Der zusätzliche Anschluss ist der 12V-Anschluss den ich schon überprüft habe. Wieviel Watt mein Netzteil hat weiß ich nich genau allerdings hat der PC ja vor dem Gehäuseumbau mit den gleichen Komponenten funktioniert vom demher ist es sicher nicht zu schwach für den PC.


----------



## mr_sleeve (13. September 2009)

*AW: PC startet nach Gehäuse-Wechsel nicht mehr.*

hast du geschaut ob alle Stromanschlüsse (20/24 Pin und 4/8 Pin) richtig angeschlossen sind? Bei mir lags daran das der 4 Pin nicht richtig drinn steckte


----------



## JeyP91 (13. September 2009)

*AW: PC startet nach Gehäuse-Wechsel nicht mehr.*

Die hab ich alle mindestens 1000000 mal nachgeprüft  Ich habe gerade eben bei meiner Schwester das Netzteil ausgebaut und mit dem passiert genau das Gleiche.


----------



## GR-Thunderstorm (13. September 2009)

*AW: PC startet nach Gehäuse-Wechsel nicht mehr.*

Hast du die Abstandhalter unterm Mobo vergessen? 
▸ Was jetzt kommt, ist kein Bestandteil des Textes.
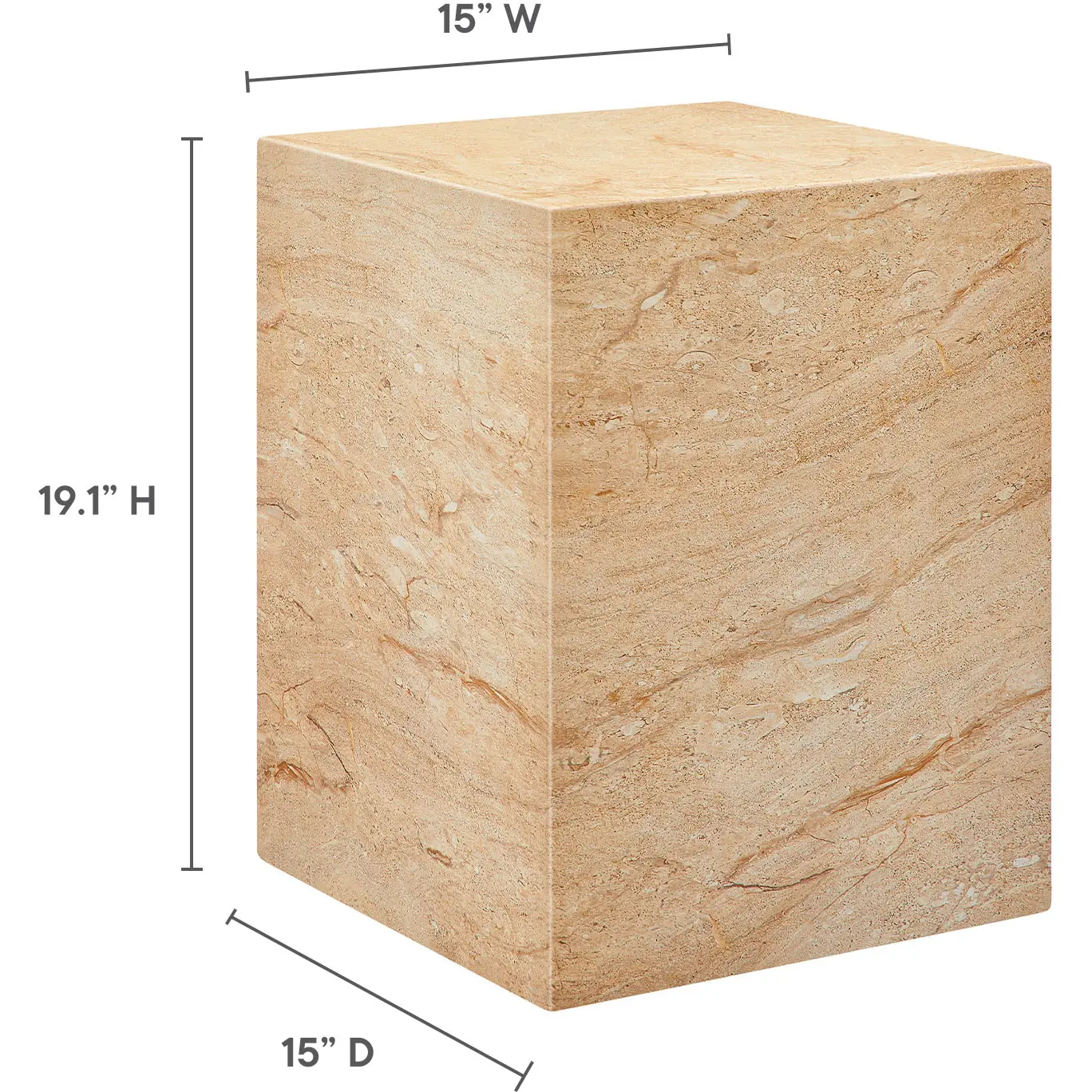 Modway EEI-7096-TRV Jordana Square Plinth Indoor Outdoor Side Table Travertine Finish Concrete

Auf jeden Fall hast du irgendwo einen Kurzschluss. Klemm mal alle Laufwerke ab und versuche dann ihn zu starten.


----------



## Zerebo (13. September 2009)

*AW: PC startet nach Gehäuse-Wechsel nicht mehr.*

Haste die Abstandshalter richtig drinn?Cpu und Grafikkarte richtig drin?Ram in den richtigen Steckplätzen?


----------



## doenerladen07 (13. September 2009)

*AW: PC startet nach Gehäuse-Wechsel nicht mehr.*

Ich würde mal auf Mainboard oder CPU tippen, dass du bei dem Umbau etwas außversehen beschädigt hast oder anders kaputt gegangen ist
Es ist wiegesagt mein Verdacht, es muss nicht heißen dass es stimmt.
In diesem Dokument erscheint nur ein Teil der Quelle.